Protein-coding gene in the species Homo sapiens

Nuclear pore glycoprotein p62
is a protein complex associated with the nuclear envelope. The p62 protein remains associated with the nuclear pore complex-lamina fraction. p62 is synthesized as a soluble cytoplasmic precursor of 61 kDa followed by modification that involve addition of N-acetylglucosamine residues, followed by association with other complex proteins. In humans it is encoded by the NUP62 gene.

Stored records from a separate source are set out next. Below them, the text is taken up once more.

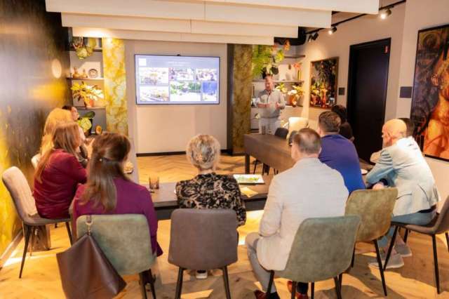 Bij aankomst werd de delegatie hartelijk ontvangen door Leila en Martijn Poortvliet van Don Hoveniers, die met zichtbaar enthousiasme vertelden over de uiteenlopende werkzaamheden: van ontwerp en aanleg tot onderhoud. Martijn Poortvliet benadrukte tijdens het bezoek: “We willen tuinen maken die mensen raken én die toekomstbestendig zijn. Vakmanschap en duurzaamheid gaan voor ons hand in hand.” De rondleiding liet zowel de ambachtelijke kant van het vak zien als de innovatieve ontwikkelingen waar het bedrijf volop mee bezig is.
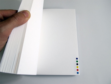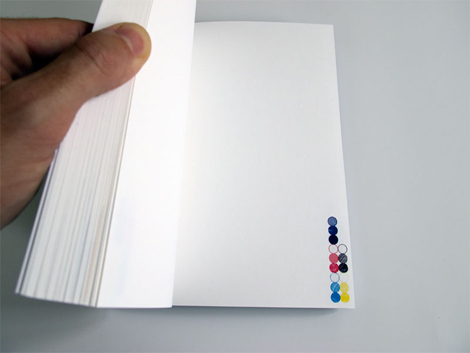 Chez Merske, Tim Head vide les pages de leurs contenus pour décentrer l’attention sur les gammes de contrôle couleur, ces centres marginaux du maintien technologique de l’ordre de la reproduction colorée. Une façon de redonner le pouvoir au centre du regardeur / lecteur, pour reprendre la vieille théorie du décentrement de Rudolf Arnheim…
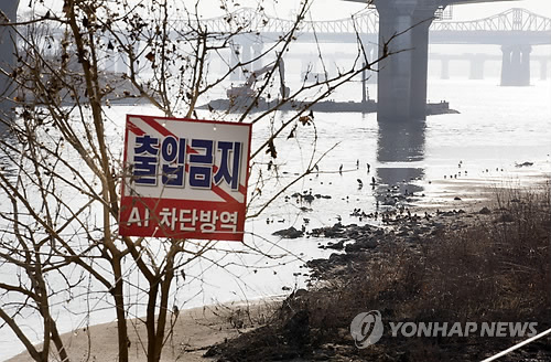 | △ 서울시, AI바이러스 발견 (서울=연합뉴스) 윤동진 기자 = 6일 오후 조류 인플루엔자(AI)가 검출된 서울 성동구 중랑천 부근에 출입금지라는 푯말이 설치돼 있다. |
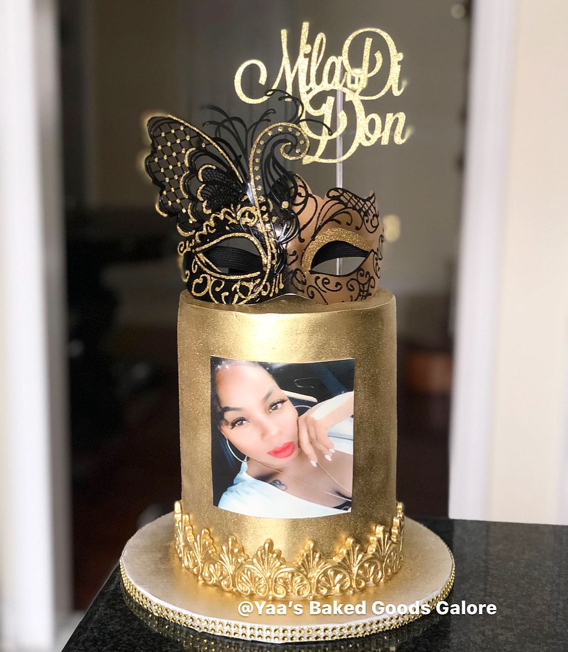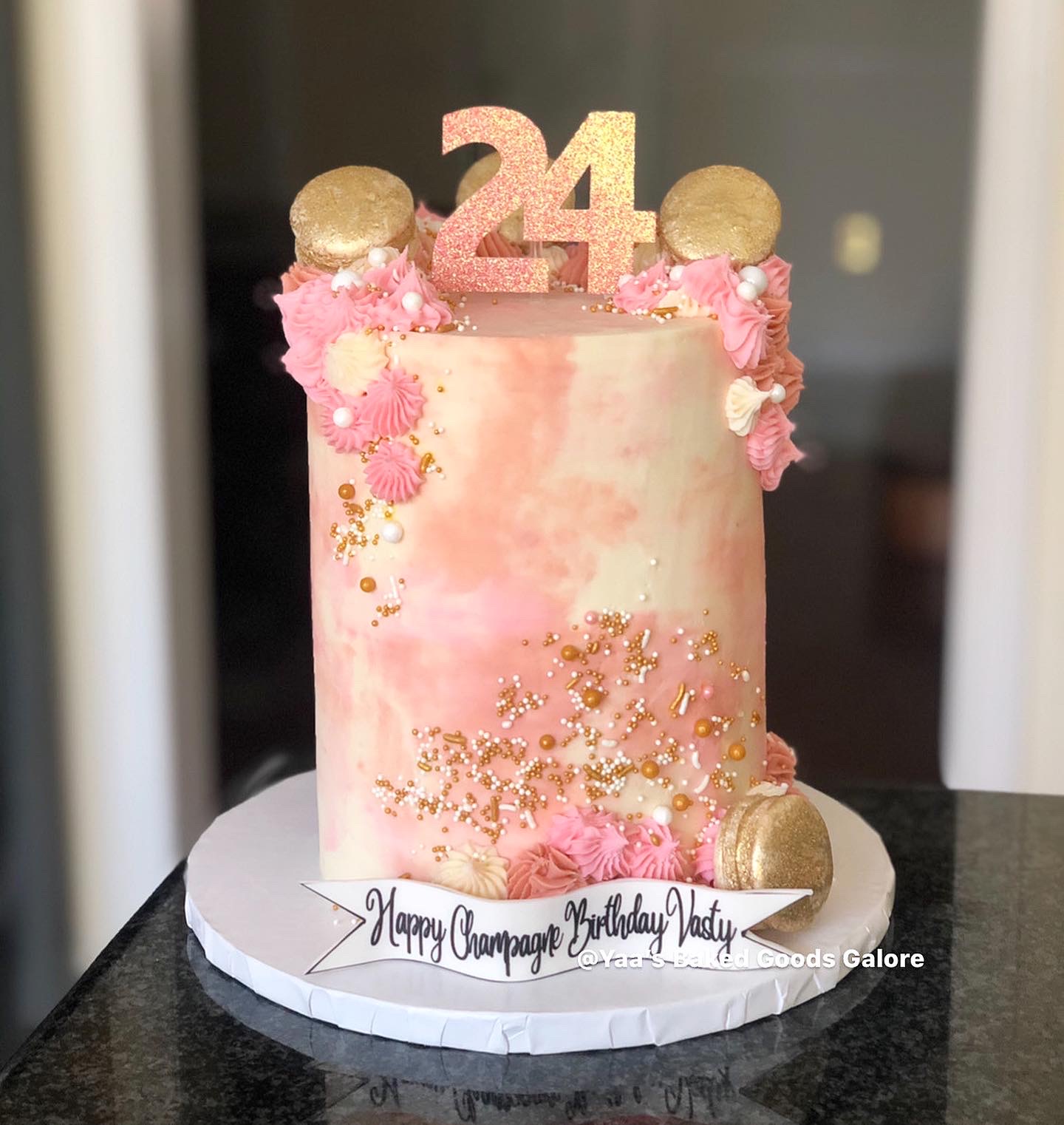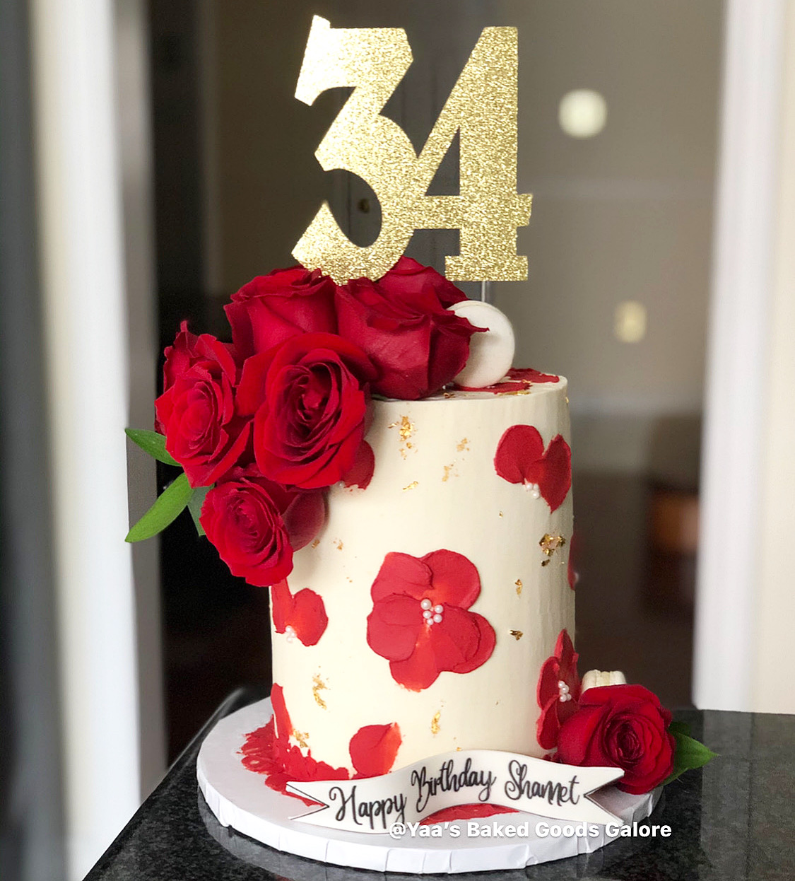 6″ Red Velvet floral design birthday cake with fresh roses, macarons and hints of edible 24k gold leaf
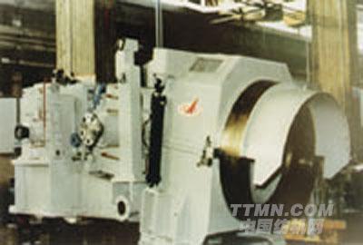該圖是使用最廣泛的高速線材吐絲機、它與前面配套的夾送輥配合,完成將線材繞成盤園的工作。
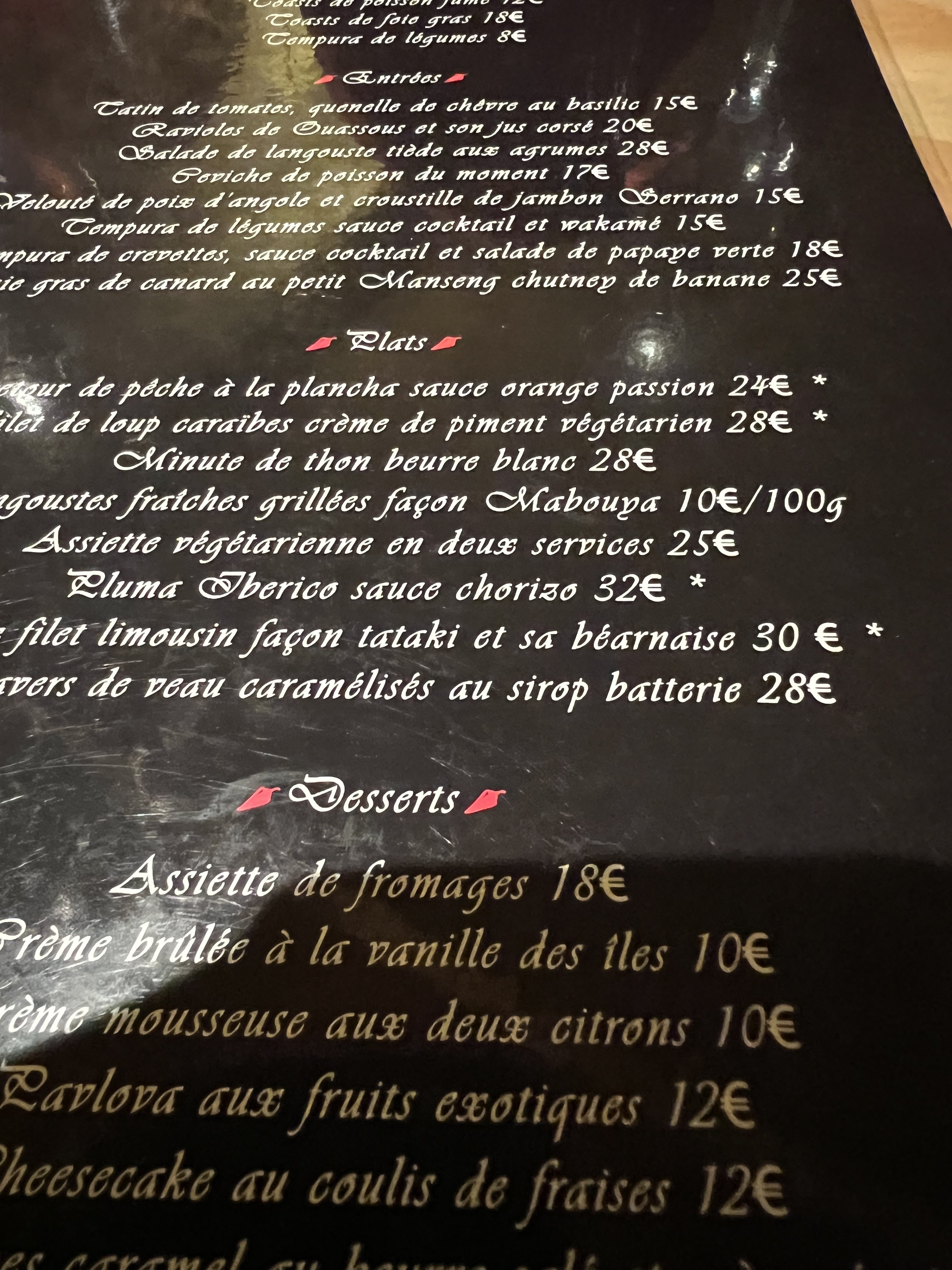 Très beau cadre. Le service est aimable et souriant. Bémol, la lenteur à laquelle arrive les plats (fin décembre, c'est pas la haute saison) La cave propose d'excellents vins sans être inabordable avec un très grand choix. C'est top La carte est simple et épurée, elle ne nous noie pas dans le choix. Les produits ne sont pas locaux (pas le poisson, dommage pour une ville de pécheur) . Les langoustes sont finalement aussi grosses que des écrevisses et importés. Dommage car la Guadeloupe en regorge. Les plats sont beaux, bien présentés mais c'est sans plus. Peu de saveur et pas grand-chose dans l'assiette ce qui est regrettable pour un prix qui reste excessif.
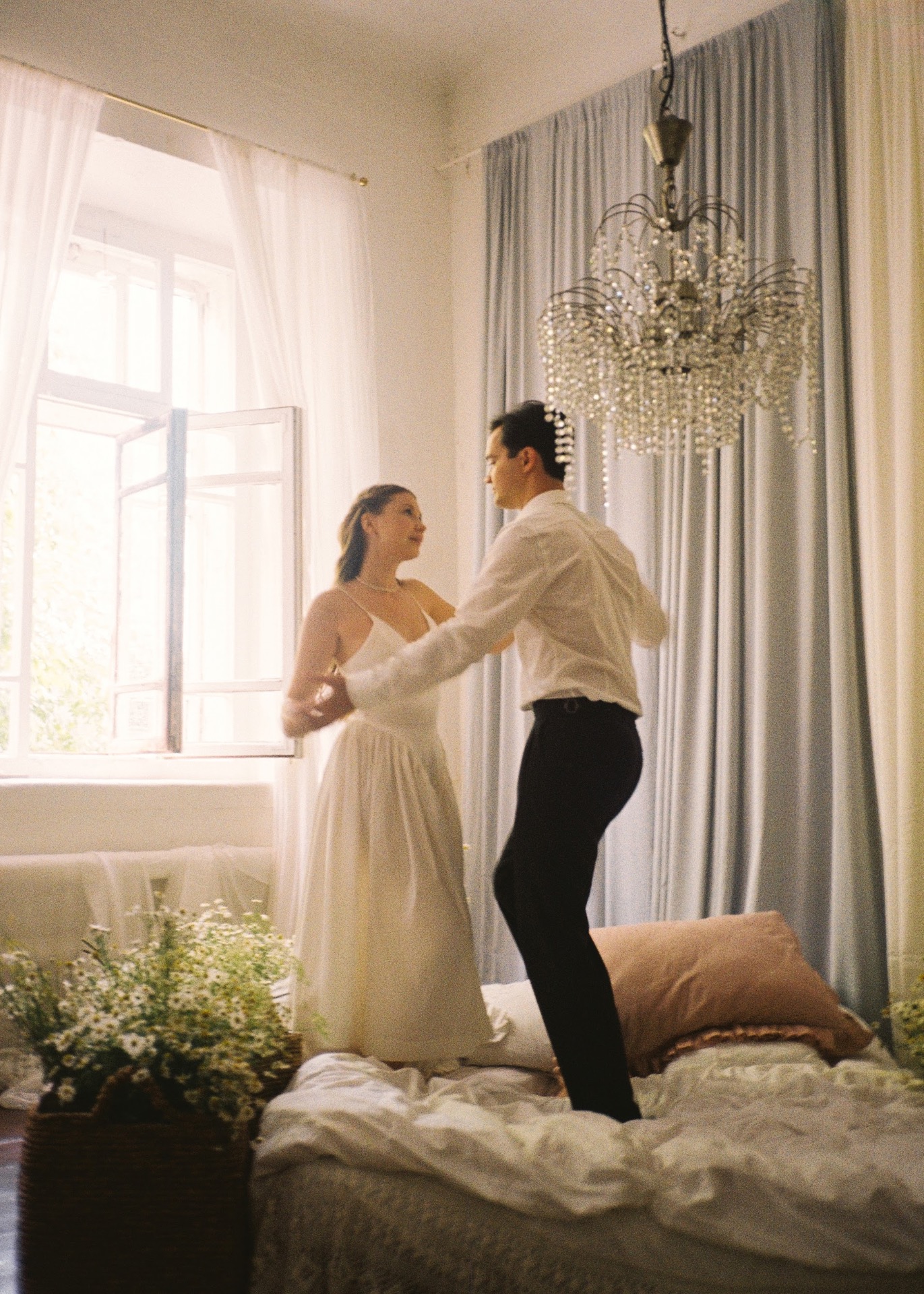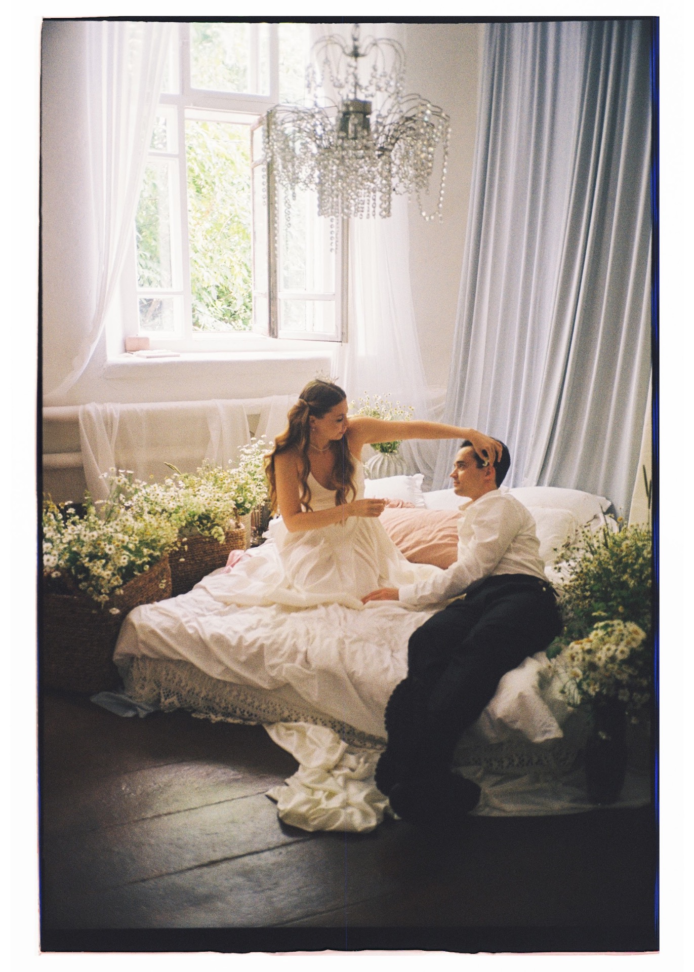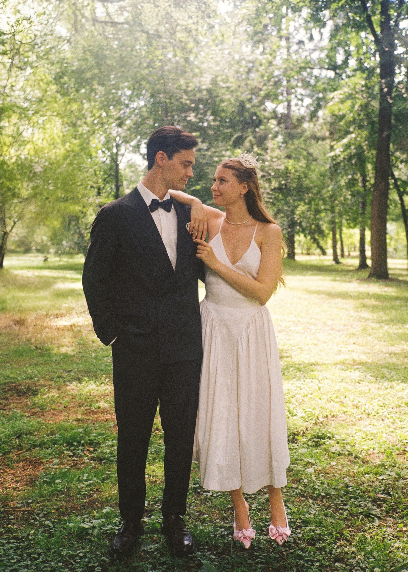Основным образом стали юбка и корсет из тафты от Sovanna Atelier. Длина была специально укорочена, чтобы были видны туфельки и было удобно бесконечно танцевать. На церемонии мой образ дополнял атласный шарфик, позже сменившийся на жемчужный цветок, который перекликался с бутоньеркой Сени. Вечером наряд трансформировался в платье длины мини с помощью розовых атласных лент в цвет к туфелькам.
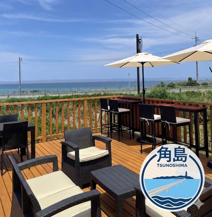This is a small one-story house with an ocean view. There are no buildings in front of you and the view of Yuya Bay below is very quiet and there is no TV. The Tsunoshima Ohashi Bridge and Motonosumi Inari Shrine are also within easy reach.

The nuclear pore complex is a massive structure that extends across the nuclear envelope, forming a gateway that regulates the flow of macromolecules between the nucleus and the cytoplasm. Nucleoporins are the main components of the nuclear pore complex in eukaryotic cells. The protein encoded by this gene is a member of the FG repeat containing nucleoporins and is localized to the nuclear pore central plug. This protein associates with the importin alpha/beta complex which is involved in the import of proteins containing nuclear localization signals. Multiple transcript variants of this gene encode a single protein isoform.

==Structure==

P62 is a serine/threonine rich protein of ~520 amino acids, with tetrapeptide repeats on the amino terminus and a series of alpha-helical regions with hydrophobic heptad repeats forming beta-propeller domain. P62 assembles into a complex containing 3 addition proteins, p60, p54 and p45 forming the p62 complex of ~235 kDa. O-GlcNAcylation appears to be involved in the assembly and disassembly of p62 into higher order complexes, and a serine/threonine rich linker region between Ser270 to Thr294 appear to be regulatory. The p62 complex is localized to both the nucleoplasmic and cytoplasmic sides of the pore complex and the relative diameter of p62 complex relative to the nuclear pore complex suggests it interacts in pore gating.

==Function==

P62 appears to interact with mRNA during transport out of the nucleus. P62 also interacts with a nuclear transport factor (NTF2) protein that is involved in trafficking proteins between cytoplasm and nucleus. Another protein, importin (beta) binds to the helical rod section of p62, which also
binds NTF2 suggesting the formation of a higher order gating complex. Karyopherin beta2 (transportin), a riboprotein transporter also interacts with p62. P62 also interacts with Nup93, and when Nup98 is depleted p62 fails to assemble with nuclear pore complexes. Mutant pores could not dock/transport proteins with nuclear localization signals or M9 import signals.

==Pathology==

Antibodies to p62 complex are involved in one or more autoimmune diseases. P62 glycosylation is increased in diabetes and may influence its association with other diseases. p62 is also more frequent in Stage IV primary biliary cirrhosis and is prognostic for severe disease.

==Interactions==
Nucleoporin 62 has been shown to interact with:
- HSF2,
- KPNB1,
- NUTF2,
- TRAF3, and
- XPO1,
- Nup93.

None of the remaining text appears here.